Combining old and new concepts in targeting telomerase for cancer therapy: transient, immediate, complete and combinatory attack (TICCA).

作者信息

Ali Jaber Haj, Walter Michael

机构信息

Institute of Laboratory Medicine, Clinical Chemistry and Pathobiochemistry, Charité Universitätsmedizin Berlin, Augustenburger Platz 1, 13353, Berlin, Germany.

Institute of Clinical Chemistry and Laboratory Medicine, Universitätsmedizin Rostock, Ernst-Heydemann-Straße 6, 18057, Rostock, Germany.

出版信息

Cancer Cell Int. 2023 Sep 7;23(1):197. doi: 10.1186/s12935-023-03041-2.

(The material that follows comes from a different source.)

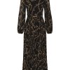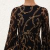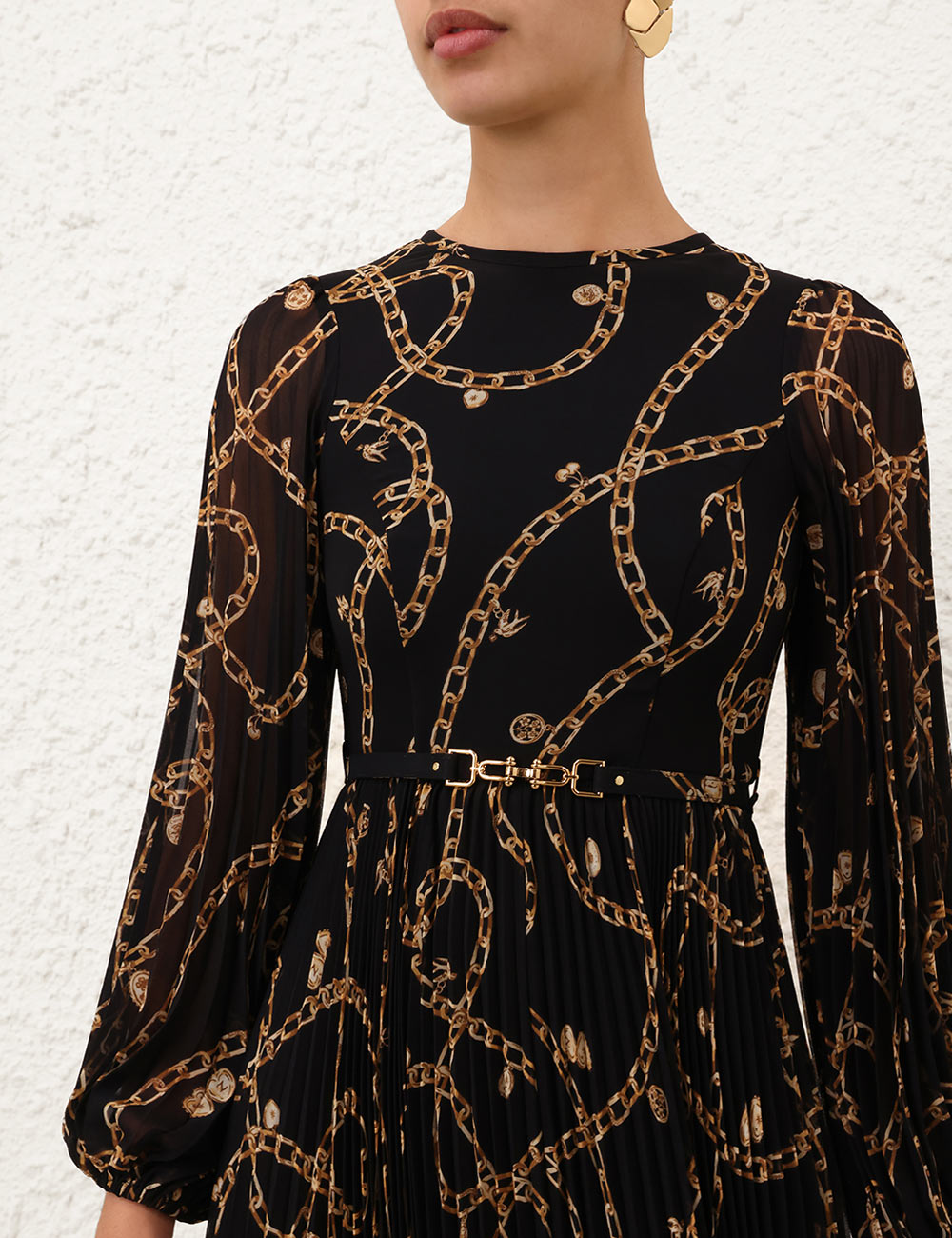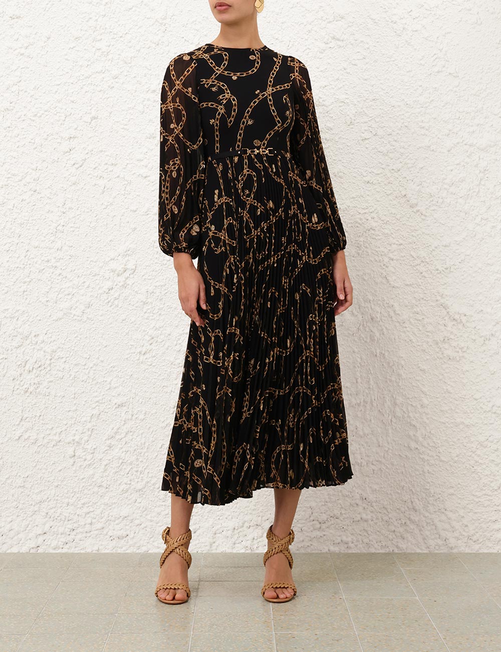 The Sunray Long Sleeve Dress in Black Charms from our Fall 2025 Collection, Hypnotic. A long sleeve dress featuring a round neckline, removable waist belt and long billow sleeves with elasticated cuffs, finished with a pleated style skirt.midi length dress, sunray pleated sleeves and skirt, invisible zip closure at centre back, heavily gathered, comes with a removable self covered belt, placement printed

DOI:10.1186/s12935-023-03041-2
PMID:37679807
原文链接:https://pmc.ncbi.nlm.nih.gov/articles/PMC10483736/
Abstract

Telomerase can overcome replicative senescence by elongation of telomeres but is also a specific element in most cancer cells. It is expressed more vastly than any other tumor marker. Telomerase as a tumor target inducing replicative immortality can be overcome by only one other mechanism: alternative lengthening of telomeres (ALT). This limits the probability to develop resistance to treatments. Moreover, telomerase inhibition offers some degree of specificity with a low risk of toxicity in normal cells. Nevertheless, only one telomerase antagonist reached late preclinical studies. The underlying causes, the pitfalls of telomerase-based therapies, and future chances based on recent technical advancements are summarized in this review. Based on new findings and approaches, we propose a concept how long-term survival in telomerase-based cancer therapies can be significantly improved: the TICCA (Transient Immediate Complete and Combinatory Attack) strategy.

摘要

端粒酶可通过延长端粒来克服复制性衰老,但它也是大多数癌细胞中的一个特定元素。它的表达比任何其他肿瘤标志物都更为广泛。作为一种诱导复制永生的肿瘤靶点,端粒酶只能通过另一种机制来克服:端粒的替代延长(ALT)。这限制了产生治疗抗性的可能性。此外,端粒酶抑制具有一定程度的特异性,对正常细胞的毒性风险较低。然而,只有一种端粒酶拮抗剂进入了临床前后期研究。本综述总结了其潜在原因、基于端粒酶疗法的缺陷以及基于近期技术进步的未来机遇。基于新的发现和方法,我们提出了一个概念,即如何显著提高基于端粒酶的癌症治疗中的长期生存率:TICCA(瞬时即刻完全联合攻击)策略。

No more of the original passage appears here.